This story is original featured on Yale Environment 360 which is part of Climate office cooperation.
Joseph Manning, a professor of ancient history at Yale University, likes to remember the moment he was shown an advance copy of a scientific paper that determined the timing of major volcanic eruptions over the past 2,500 years. “I literally fell off a chair,” he said recently, reading the newspaper...
Relying on new geochemical techniques to analyze glacial sediments to date ancient volcanic activity down to the year or even season, the paper is published in temper nature In 2015, major volcanic eruptions around the world caused a velocity of up to a decade. Drops in global temperatures. Subsequent research has pegged these droplets at 13 degrees Fahrenheit..
What astounded Manning, the Egyptologist, was that the paper recalibrated the previous chronology of seven to eight years, so that the dates of the eruptions precisely coincided with the timing of the well-documented political, social, and military upheavals over three centuries of ancient Egyptian history. The paper also linked volcanic eruptions to the 6 majory Century A.D. Epidemics, famines, and social and economic upheavals in Europe, Asia, and Central America. The paper argued that the inescapable conclusion was that volcanic soot — which cools the Earth by shielding its surface from sunlight, negatively affecting growing seasons and causing crop failures — helped drive those crises.
Since then, other scientific papers that rely on paleoclimate data—most of them based on the latest technology originally designed to understand climate change—have found countless instances when shifts in climate have helped spark social and political upheaval and, often, collapse. last paper.
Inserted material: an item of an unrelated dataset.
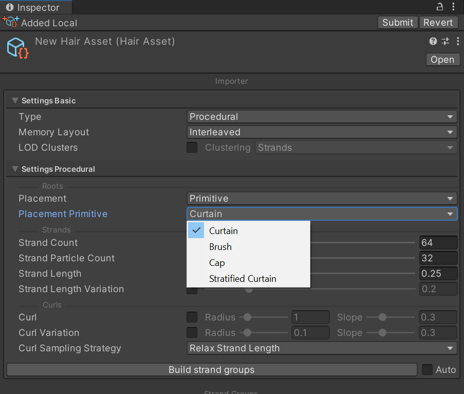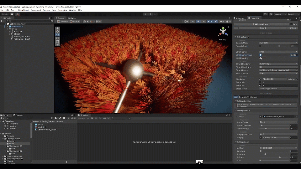 Feel free to explore the system by changing the hair asset's parameters (located in \Minimal Hair Sample\Styles in your project) and the hair instance (in Hierarchy > Hair Prefab). Or why not make a brush out of the curtain? Select Hair Asset > Procedural > Primitive > Brush to do so.

Posted last month. in a Earth and Environment Communications which postulated “a systematic association between volcanic eruptions and dynastic collapse across two millennia of Chinese history.”
The study found that 62 of 68 strains collapsed. They occurred shortly after volcanic eruptions in the northern hemisphere, an outcome that would have had only a 1 in 2,000 chance if eruptions and collapses were irrelevant. The Chinese have traditionally cited the withdrawal of the “mandate of heaven” to explain the cold weather, drought, floods, and agricultural failures that seemed to accompany the downfall of the dynasties. The paper asserts that these phenomena have a climatic explanation.
All of these papers are driven by a nearly decade-long revolution in climate science technology. A storm of quantitative data from “climate proxies” — ice cores, tree rings, stalagmites and stalactites, lake and swamp sediments and the sea floor — has upended the way some historians do their work.
Joe McConnell, who directs a pilot ice analytical laboratory at the Desert Research Institute in Reno, Nevada, believes that climate data offers historians what the DNA evidence of the judicial system does: an objective, indisputable source of very important information. Like the DNA evidence that overturns the guilty verdict, McConnell said, the climatic data is information that historians must “absorb.”
To make use of this data, some historians cross broad barriers within their discipline to work with biologists, geologists, geographers, palaeoclimatologists, climate designers, anthropologists, and others. These mold-breaking historians learn geochemistry and climatology. The scholars who work with them read history.